■ Activity
All of the records should be reproduced word for word, but no images may appear in the copy.

•••

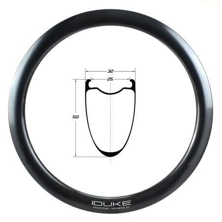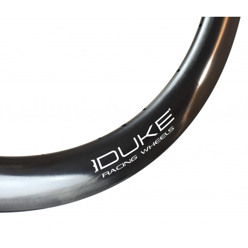The DUKE World Runner Carbon has a profile height of 50mm, symmetrical. Width between 25mm large brackets: This gives more volume to the tires and thus improves efficiency, Comfort and grip in turns. A wide rim also means being able to use the finer and lighter tires while maintaining comfort, The softness and grip provided by a larger volume of air.
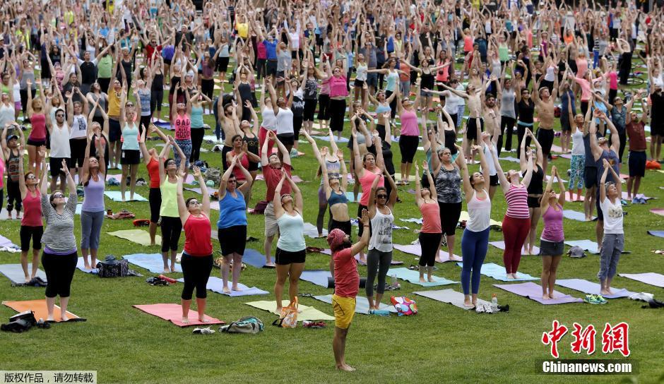 7月22日,加拿大渥太华,大批民众来到国会山前的草坪上,免费学习瑜伽课程,场面极为壮观。
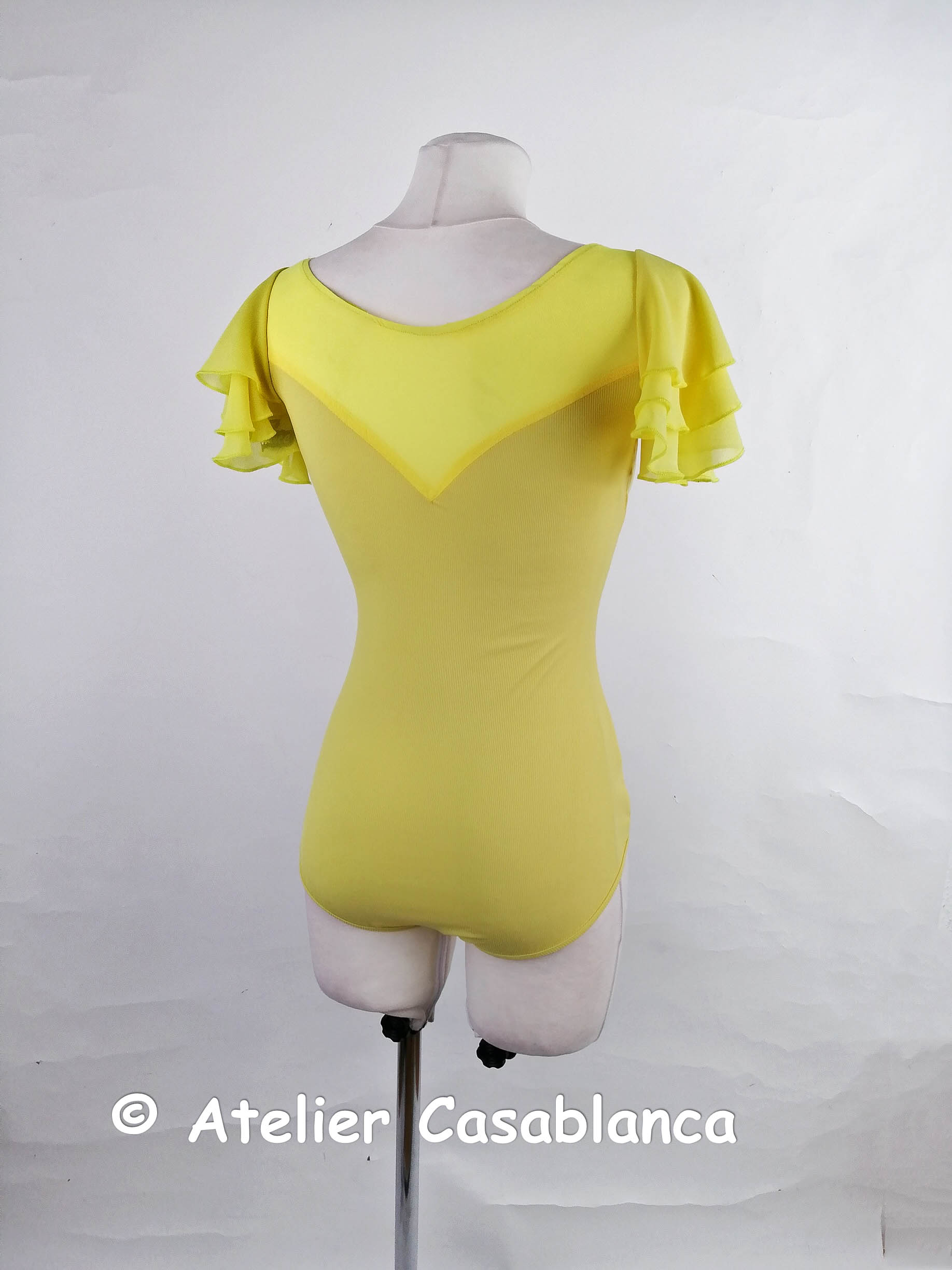 ドイツの選手所有の、肩のフリルが大変美しく二の腕が華奢に見える大変美しいイエローのレオタードです。
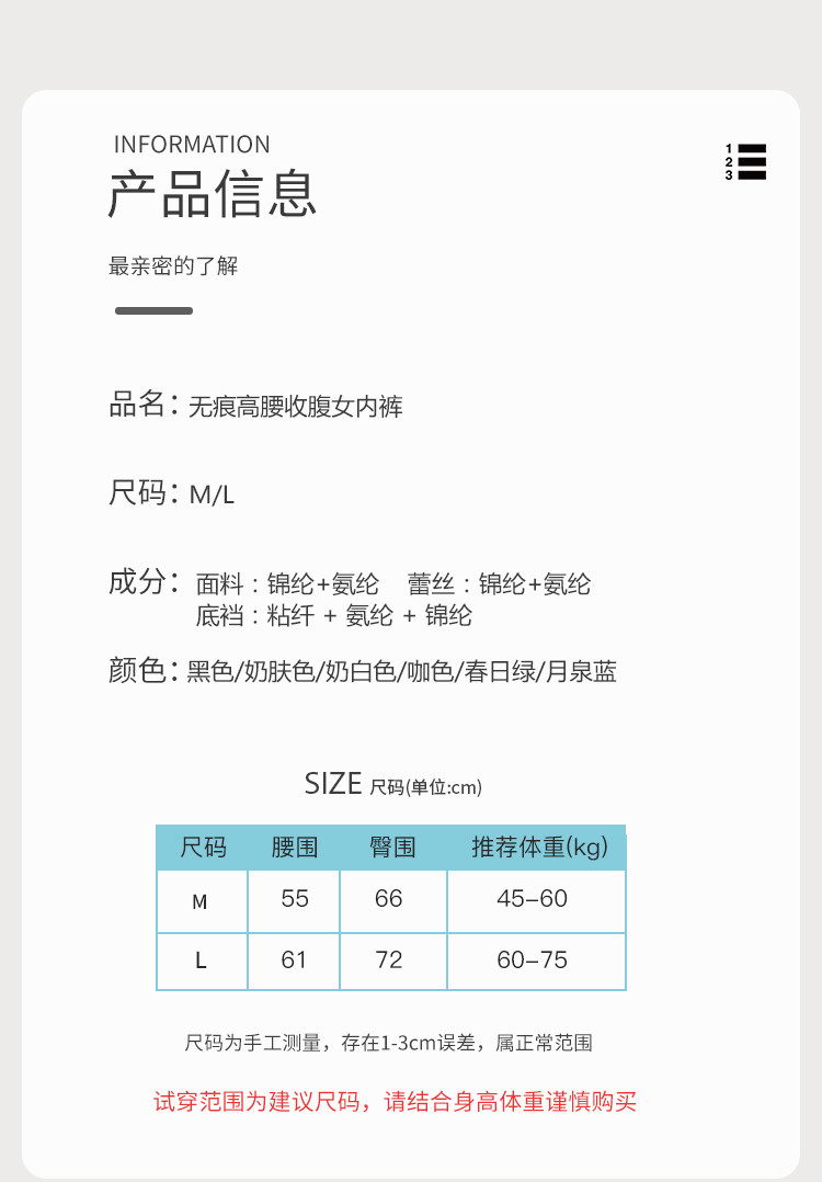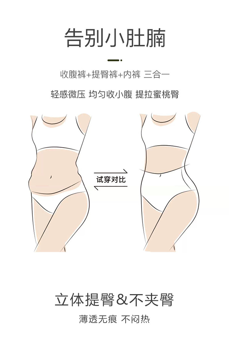商品名称:【透气冰丝】2条无痕高腰收腹提臀舒适束腰收小肚子女士内裤女 920734
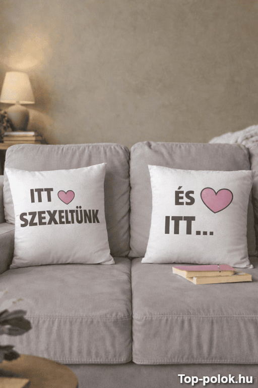 Egy páros párna, ami kimondja helyetted: ITT SZEXELTÜNK / ÉS ❤ ITT… 😄 Ha közös poénotok van a hálószobáról (vagy a kanapéról), ez lesz a legviccesebb „jelölőtábla”.
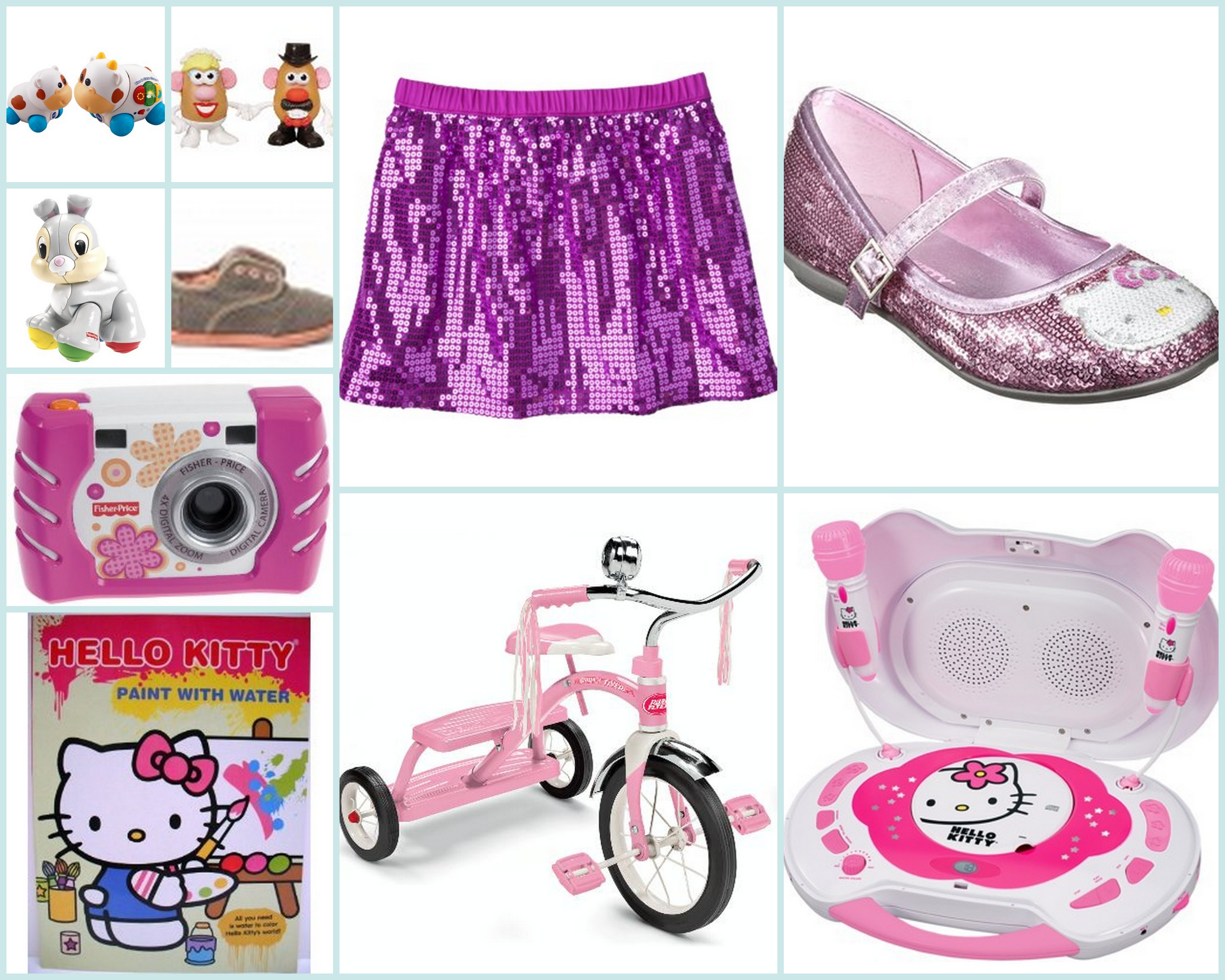V-Tech Kiss & Care Cows $10; Mr and Mrs Potato Head $14; Fisher Price Camera $32; Baby Thumper $10; Corduroy Toms Shoes for Boys $34; Hello Kitty Paint with Water $6; Cherokee Sequined Skirt (Target) $15; Pink Hello Kitty Mary Janes (Target) $20; Pink Radio Flyer $60; Hello Kitty Karaoke CD Player $39 (Target)

•••

■ Solution to the exercise
The DUKE World Runner Carbon has a profile height of 50mm, symmetrical. Width between 25mm large brackets: This gives more volume to the tires and thus improves efficiency, Comfort and grip in turns. A wide rim also means being able to use the finer and lighter tires while maintaining comfort, The softness and grip provided by a larger volume of air.
 7月22日,加拿大渥太华,大批民众来到国会山前的草坪上,免费学习瑜伽课程,场面极为壮观。
 ドイツの選手所有の、肩のフリルが大変美しく二の腕が華奢に見える大変美しいイエローのレオタードです。
商品名称:【透气冰丝】2条无痕高腰收腹提臀舒适束腰收小肚子女士内裤女 920734
 Egy páros párna, ami kimondja helyetted: ITT SZEXELTÜNK / ÉS ❤ ITT… 😄 Ha közös poénotok van a hálószobáról (vagy a kanapéról), ez lesz a legviccesebb „jelölőtábla”.
V-Tech Kiss & Care Cows $10; Mr and Mrs Potato Head $14; Fisher Price Camera $32; Baby Thumper $10; Corduroy Toms Shoes for Boys $34; Hello Kitty Paint with Water $6; Cherokee Sequined Skirt (Target) $15; Pink Hello Kitty Mary Janes (Target) $20; Pink Radio Flyer $60; Hello Kitty Karaoke CD Player $39 (Target)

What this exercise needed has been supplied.